Last edited by Larssen (2020-09-29 06:48:13)

Dilbert_X
The X stands for
+1,810|6076|eXtreme to the maX
Same question again, when everyone is mysteriously dying of Covid-2022 and China and Russia mysteriously aren't can we nuke them?
Русский военный корабль, иди на хуй!
SuperJail Warden
Gone Forever
+634|3689
Russia is lying about their amount of deaths. Same with China though I acknowledge that their somewhat draconian measures and authoritarian system got COVID under control. Still China did itself no favors by lying about their numbers. If America had better leadership this whole thing could have been a turning point against China but instead Republican Americans chose hate and someone that made them feel good about themselves.
https://i.imgur.com/xsoGn9X.jpg
uziq
Member
+492|3422
when you see the amount of technology and invasive social measures that china introduced in locked-down cities, quite literally mass-scale foucauldian bio-power, then you won’t wonder so much about sinister secret labs and even more secret vaccines/cures.

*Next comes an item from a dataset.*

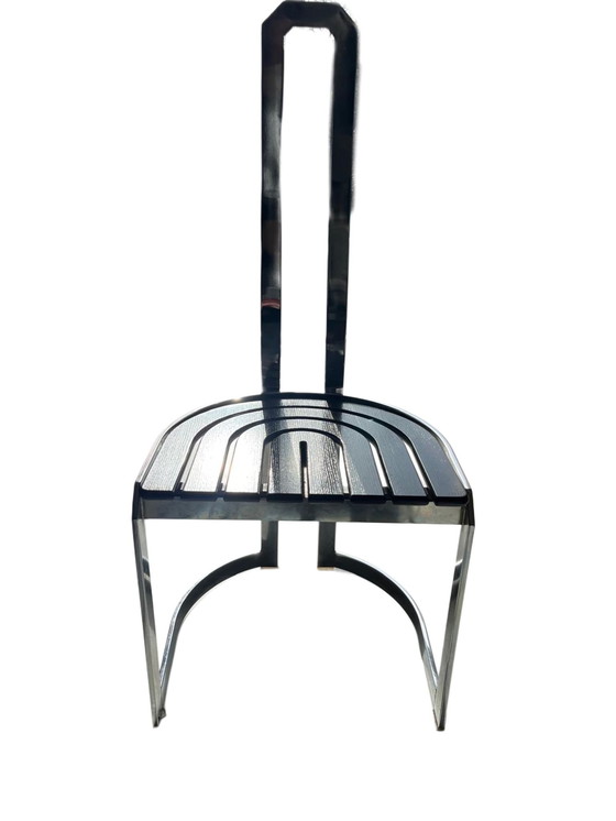 Sei sedie da pranzo Allmilmo anni '80 (stile Bauhaus Art Déco). Schienale e base cromati, seduta in frassino curvato grigio. Altezza 110 cm. Altezza seduta 44 cm. Larghezza 49 cm. Profondità 51 cm.
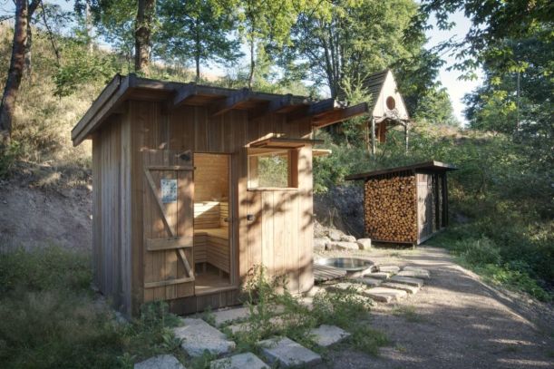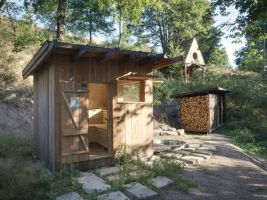 V rámci stavby proběhly i terénní a zahradnické úpravy v přilehlém okolí domu. Součástí stavby jsou i dvě vedlejší stavby, kde se nachází sauna a útulna pro přespání.

many countries managed to curb infections using phone apps and hotel quarantines. a robust enough track-and-trace system, plus the willing cooperation of the populace, has seen countries like italy curb further waves. these measures are in essence no more sophisticated than what the italian city-states used in the 15th century. sure, there’s apps, but the basic principle of isolating the sick and tracing their contacts has not changed.

china’s modern city-living population have every aspect of their lives monitored, tracked, surveilled, databased. it’s almost like a fourier-esque phalanx system. complexes of apartments and tower blocks with ultra-local administrations, officers, neighbourhood enforcement, etc. everyone participates and discusses on their large chat/communication platforms – including local govt officials, of course.

there really is no great mystery why a country like china is posting good numbers in comparison to a country like america. one is almost uniquely well set-up to lockdown and control its population. the other is almost uniquely in a phase of chaos and unrest.